> [Requirement]: Every line below should be copied exactly; drop the pictures.

> [Dataset content]:
━━━━━━━━━━━━━━━━━━━━━━━━━━━━━━

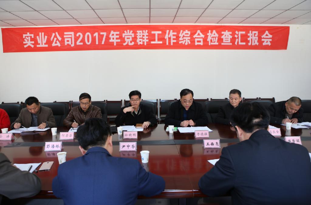 12月11日,礦業(yè)公司(局)黨群工作綜合檢查組李德強(qiáng)一行蒞臨實(shí)業(yè)公司,對(duì)2017年黨群工作進(jìn)行綜合檢查考核,實(shí)業(yè)公司班子成員及相關(guān)部門部長(zhǎng)參加了匯報(bào)會(huì)。檢查采取聽匯報(bào)、查資料、召開座談會(huì)、“三項(xiàng)機(jī)制”民主測(cè)評(píng)領(lǐng)導(dǎo)班子和領(lǐng)導(dǎo)人員等形式進(jìn)行。
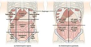 - Either in the epigastric region (the center of the abdomen above the navel, or belly-button)
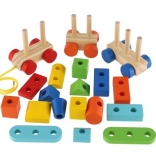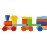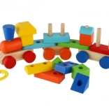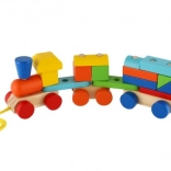 Ta pociągana zabawka i budowlanka to świetny sposób, jak dzieci mogą rozwijać swoje umiejętności i wyobraźnię. Kolorowy drewniany pociąg składa się z trzech solidnych podwozi i wielu elementów, które można dowolnie składać.

━━━━━━━━━━━━━━━━━━━━━━━━━━━━━━

> [Expected output]:
 12月11日,礦業(yè)公司(局)黨群工作綜合檢查組李德強(qiáng)一行蒞臨實(shí)業(yè)公司,對(duì)2017年黨群工作進(jìn)行綜合檢查考核,實(shí)業(yè)公司班子成員及相關(guān)部門部長(zhǎng)參加了匯報(bào)會(huì)。檢查采取聽匯報(bào)、查資料、召開座談會(huì)、“三項(xiàng)機(jī)制”民主測(cè)評(píng)領(lǐng)導(dǎo)班子和領(lǐng)導(dǎo)人員等形式進(jìn)行。
 - Either in the epigastric region (the center of the abdomen above the navel, or belly-button)
 Ta pociągana zabawka i budowlanka to świetny sposób, jak dzieci mogą rozwijać swoje umiejętności i wyobraźnię. Kolorowy drewniany pociąg składa się z trzech solidnych podwozi i wielu elementów, które można dowolnie składać.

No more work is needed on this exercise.